Partner Closely with Data Science and ML Engineering
- Collaborate with Data Scientists, ML Engineers, Data Architects, Platform Engineers, and Product Owners to translate business and model requirements into scalable data solutions.
- Enable ML teams by delivering trusted, discoverable, and reproducible datasets for experimentation and production.
- Support feature generation and data preparation workflows used in model development and operationalization.
- Partner with ML engineering teams on data interfaces for tools such as Vertex AI, feature stores, model monitoring, and inference pipelines.

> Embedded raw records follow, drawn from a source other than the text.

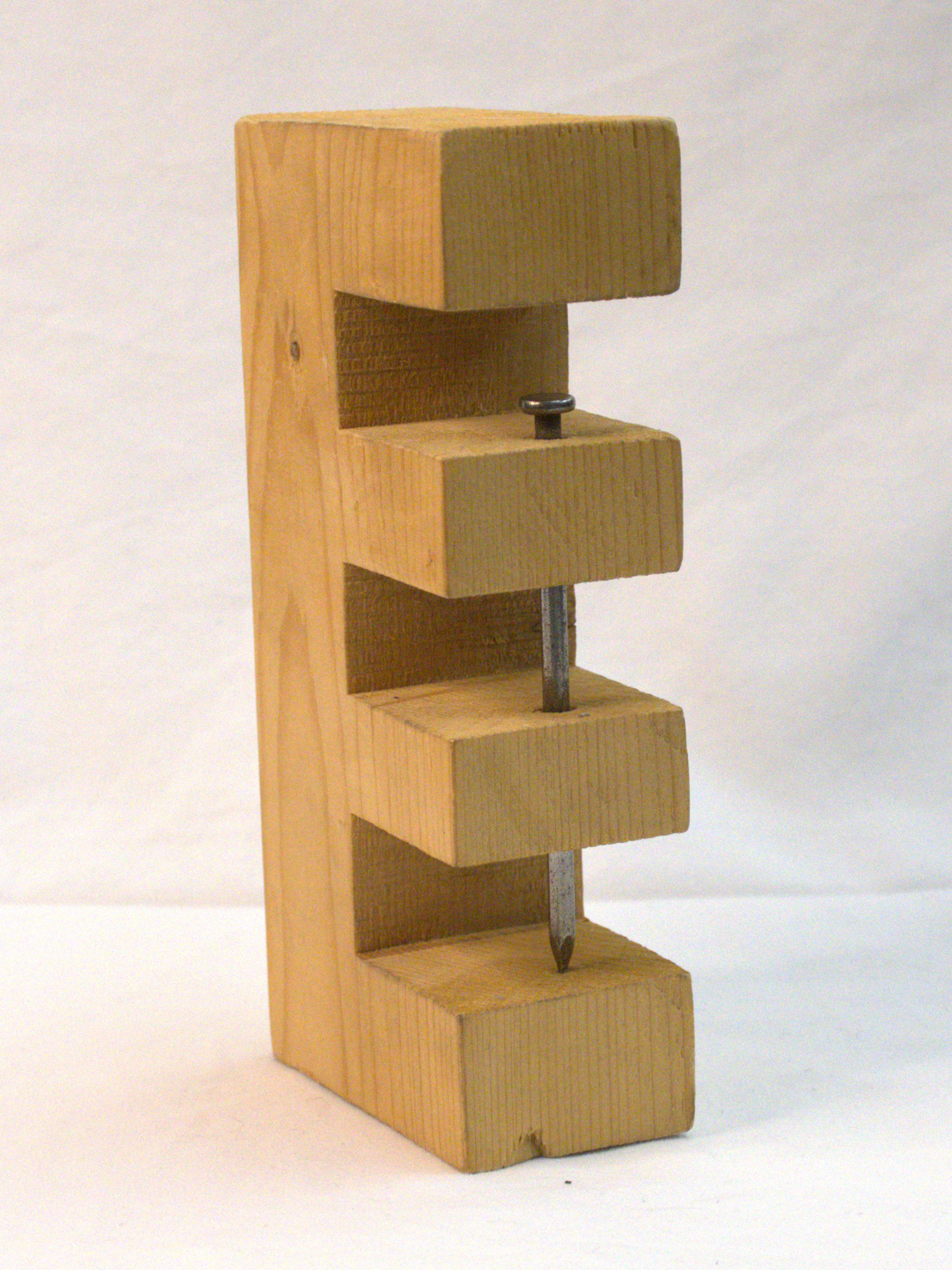 [A single piece of wood cut into the shape of a capital E, but with an extra stem. There is a nail going through the two middle stems; it is unclear how the nail got there without damaging the outer stems.]
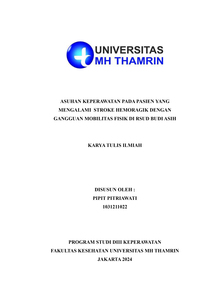 Pipit, Pitriawati (2024) Asuhan Keperawatan Pada Pasien Yang Mengalami Stroke Hemoragik Dengan Gangguan Mobilitas Fisik Di RSUD Budi Asih. Diploma thesis, Universitas Mohammad Husni Thamrin.
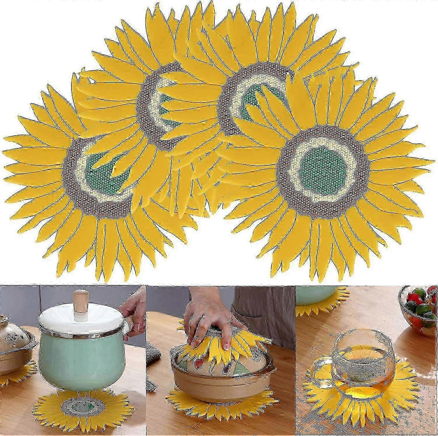 4-Piece Silicone Sunflower Trivet Set - Non-Slip Hot Pot Holder & Coasters
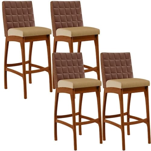 ndo muita excelência, o Kit 04 Banquetas Altas Sala De Jantar Fixa Mila B04 Couríssimo Marrom Linho Bege Escuro - Lyam Decor é o complemento que faltava para deixar sua casa ainda mais extraordinária. Seu encosto com costura em padrão quadriculado e assento estofados, centralizam em si uma graciosidade estonteante, sem perder todo o conforto. A estrutura em madeira, na cor nozes, também é digna de notoriedade, por imprimir bastante personalidade a sua decoração. Vale ressaltar ainda, o apoio para os pés que garante maior segurança à banqueta.
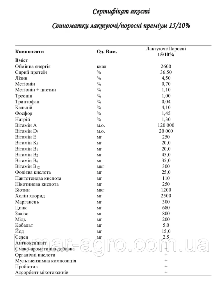 • Спеціально підібрані інгредієнти для змішування із зернових культур найбільш типових для нашої кліматичної зони та доступних за ціною.
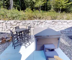 Cook and entertain with ease in the fully equipped kitchen, complete with modern appliances, a large pantry, and a wet bar. After a day on the slopes, gather around the cozy fireplace or relax in the private hot tub under the stars.
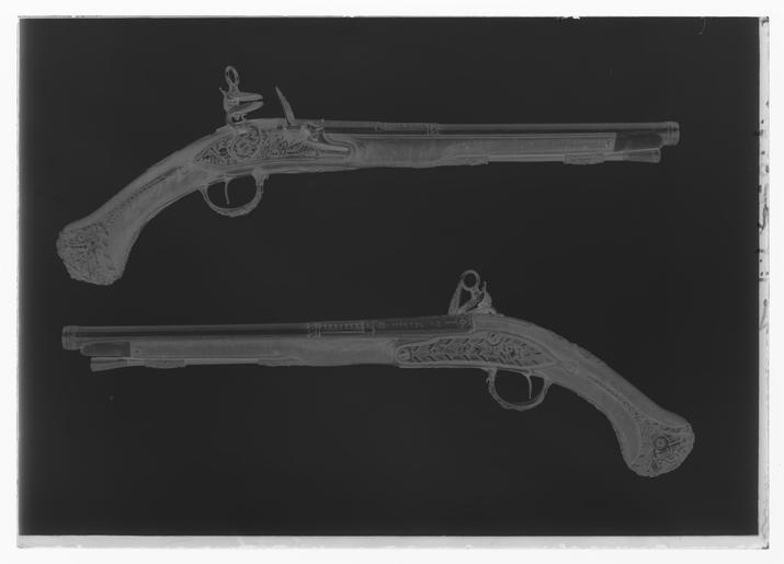 Keywords: Snapplåspistol med lås alla moda, Francesco Antonio Garcia, Madrid 1778 - Livrustkammaren - 10228-negative.tif Slätborrad pipa av stål med åttsidig kammare kammarens främre del samt resten av pipan sextonsidig på varannan fas på kammarens främre del bladstavar de övriga räfflade Vid kammarens framände en ring samt en ring med en fläta vid mynningen enbladstav På kammarens åttsidig del vid pipbasen guldstämplar kvadratisk stämpel med namnchiffer MADRID ihopskrivet till MD flankerat av björn och grip samt krönt av kunglig krona Namnstämpel FRAN // ANTON // GARCIA krönt av kunglig krona därframför en liljeformig stämpel samt ett devotionskors på sidofaserna liljestämplar Framför stämplarna graverad signatur på mittfasen FRAN CO ANT O GARZIA NT och AR ligaturer till v EN MADRID till h ANO DE 1778 Böjt svansskruvblad med rundad ände dekor i stålsnitt i form av en trofégrupp framför och blad bakom krysskruvens hål Guldfodrat fänghål <br/>Fästning Ett häfte Pipan fäst med krysskruv samt ett pipstift av stål <br/><br/>Snapplås alla moda plant låsbleck med fasade kanter dekor i stålsnitt i form av trofégrupper Mellan batterifjäderns armar graverad signatur FRAN CO ANT O GARCIA på fasen därnedanför EN MADRID 1778 S-formig svagt välvd hane med rankdekor i stålsnitt ranka mellan hals och rygg Helspänn på hak på hanryggen halvspänn på utskott på hanens framsida Hangren med rankor kantiga käkar överkäken lös på överkäkens översida rankdekor käkskruvhuvud i form av ring Kantig fängpanna med fals dekor i stålsnitt på ytteränden Batteri med plant lock med fasade kanter eldstål med trofégrupp i stålsnitt fot i form av delfin Batterifjäder med delvis fasade kanter fjäderlöv i form av fransk lilja S-formig nötstudel med graverad dekor <br/>Fästning Två låsskruvar <br/>Svagt svängd avtryckare Avtryckarbleck av stål <br/><br/>Helstock av valnöt enkelt snidat blad vid svansskruvbladet och spetsrörkan På kolvhalsens v sida vid tumplåten ett otydligt stämplat nr 500 <br/>Näsband av vitt horn övriga beslag av silver med reliefdekor Kolvkappa med långa flikar dekor av bandomlindade något skålade lister blom- och bladstavar samt trofégrupper centrumplatta med åttbladig blomma Oval tumplåt med droppformig sköld omgiven av blomrankor bandomlindade kantlister Helt sidbleck med bandomlindade kantlister samt spridda troféer En + en rörka på spetsrörkan en trofégrupp samt en blomranka på överrörkan en mask och en blomma Varbygel med dekor av blomrankor på framarmen en spetsoval platta med blad uppstigande ur korgliknande ornament på bygeln en trofégrupp och kantlister <br/><br/>Tillbehör <br/>Laddstock av ebenholts l 158 mm framtill en konisk silverskoning l 28 mm <br/> <br/><br/> 4 <br/>Gustaf V s vapensmaling nr 14 a Seitz förteckning deposition till LRK 1937-10-13 överlämnad som gåva 1957-03-05 från Gustaf VI Adolf gm K Husgerådskammaren <br/><br/>Katalogisering Nils Drejholt 1970-08-13 utskrift NDt 1997-07-11 <br/><br/>Låstypen kallad Madrid-lås se LRK M15094 Se Stöckel plansch 1 <br/><br/>Litteratur <br/>Drejholt Nils Firearms of the Royal Armouries II Stockholm 2007 GV nr 14 sid 184 b <br/><br/> Hantverkarregister kort nr 622 - Francisco Garcia Madrid original caption 1778 walnut e3 - eldvapen - stock material valnöt - steel e12 - eldvapen - pipa och lås material stål - silver e79 - eldvapen - stockbeslag och laddstock material silver - horn Färg vit e7 - eldvapen - stockbeslag material horn - gold e5 - eldvapen - pipdekor material guld - ebony e9 - eldvapen - laddstock material ebenholts size mm 166 g 1150 size mm 309 pipa size mm 481 LRK Gustaf V av Sverige FRAN ANTON GARZIA kunglig krona anv e1 - eldvapen - pipa; Francisco Antonio García FRAN CO ANT O GARZIA EN MADRID ANO DE 1778 anv e12 - eldvapen - pipa och lås; Francisco Antonio García MADRID namnchiffer ihopskrivet till MD anv e1 - eldvapen - pipa; Francisco Antonio García FRAN ANTON GARZIA kunglig krona anv e1 - eldvapen - pipa; Francisco Antonio García FRAN CO ANT O GARZIA EN MADRID ANO DE 1778 anv e12 - eldvapen - pipa och lås; Francisco Antonio García MADRID namnchiffer ihopskrivet till MD anv e1 - eldvapen - pipa; Francisco Antonio García place of origin original filename LN_B13811_016691 40421 inventory number LRK 4288 10228 CC0 Snapplåspistol med lås alla moda Francesco Antonio Garcia Madrid 1778 - Livrustkammaren - 10228 tif |
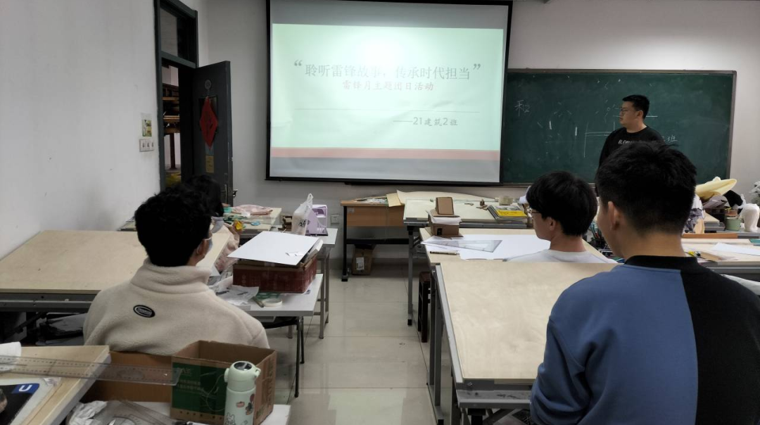 3月12日下午4时,2021级建筑系二班于实验楼524开展雷锋月主题团日活动,团支书王志杰主持,2021级建筑系二班全体同学参加。大家观看了“雷锋是怎样炼成的”主题影片,深入学习雷锋精神。王志杰向大家介绍了“当代雷锋”郭明义的事迹,号召同学们向榜样学习。本次主题团日活动弘扬了雷锋精神,有利于帮助他人的良好风气的建设。
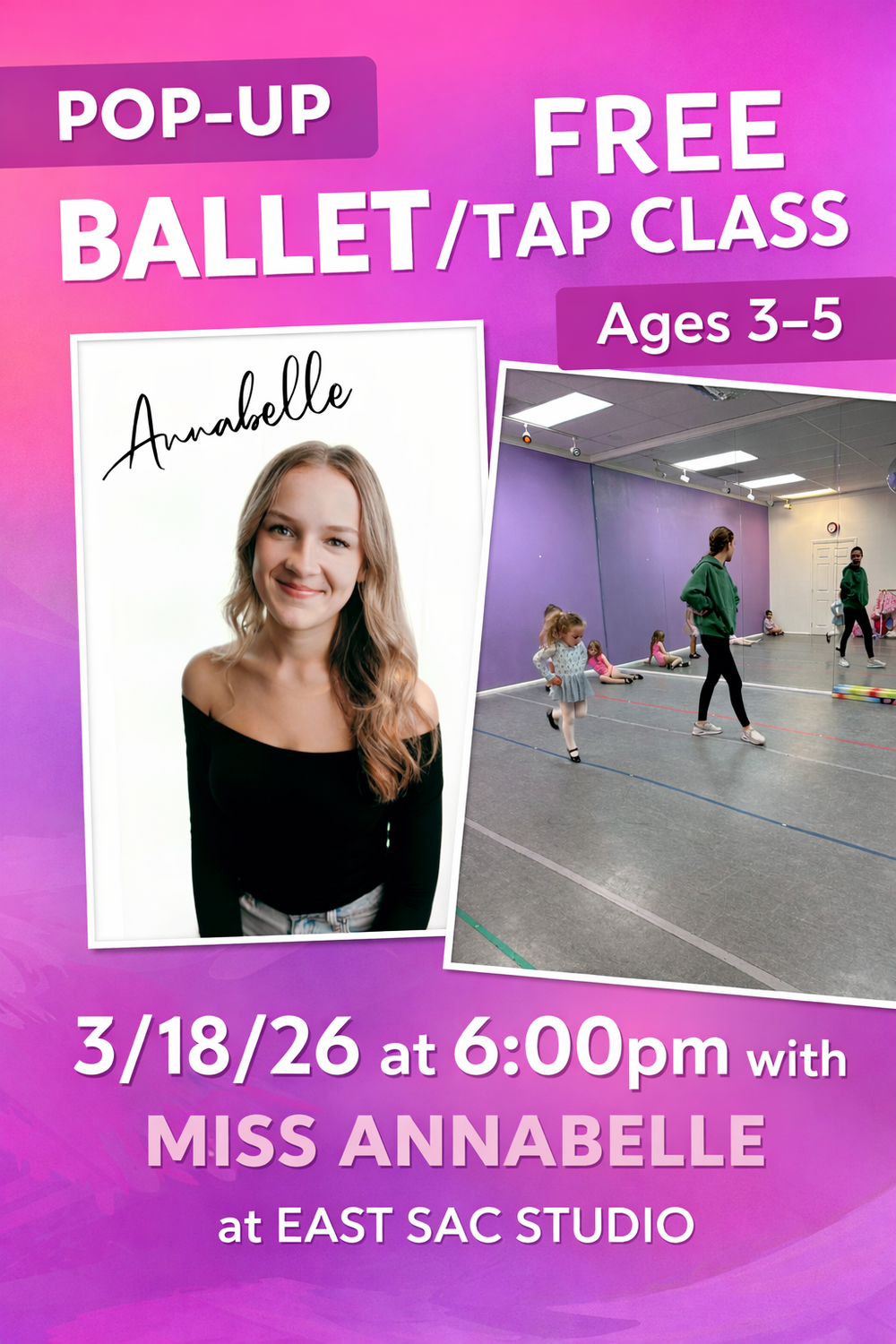 Join us for a special FREE Ballet & Tap Pop-Up Class designed just for dancers ages 3–5! This fun, high-energy class introduces little ones to the joy of movement through basic ballet technique, beginner tap steps, creative movement, and plenty of smiles.

- Contribute to data patterns that support AI/GenAI use cases such as prompt pipelines, retrieval-augmented generation (RAG), vector-ready data preparation, and document/content processing where applicable.
Strategic Data Engineering Leadership
- Drive architecture direction for a GCP-first data platform serving analytics and AI/ML workloads.
- Evaluate emerging technologies and recommend best-fit solutions to improve scalability, performance, reliability, and cost efficiency.
- Lead modernization efforts to refactor legacy ETL into cloud-optimized, maintainable ELT and ML-ready data pipelines.
- Define best practices for data quality, lineage, governance, security, and lifecycle management across enterprise data assets used for analytics and ML.
Technical Leadership and Engineering Excellence
- Act as a technical mentor and reviewer for senior and mid-level data engineers.
- Lead large cross-functional initiatives and serve as the escalation point for complex data platform and production pipeline issues.
- Set coding, testing, and deployment standards using GitHub and CI/CD practices.
- Promote strong software engineering discipline across the data engineering function, including code quality, automated testing, documentation, and operational readiness.
Operational Excellence
- Ensure reliability, scalability, observability, and governance across production data environments.
- Define and monitor SLAs/SLOs for critical data pipelines and data products.
- Create technical documentation, reusable frameworks, and metadata standards that improve enterprise data maturity.
- Partner with stakeholders to align data platform capabilities with business outcomes and ML/AI roadmap priorities.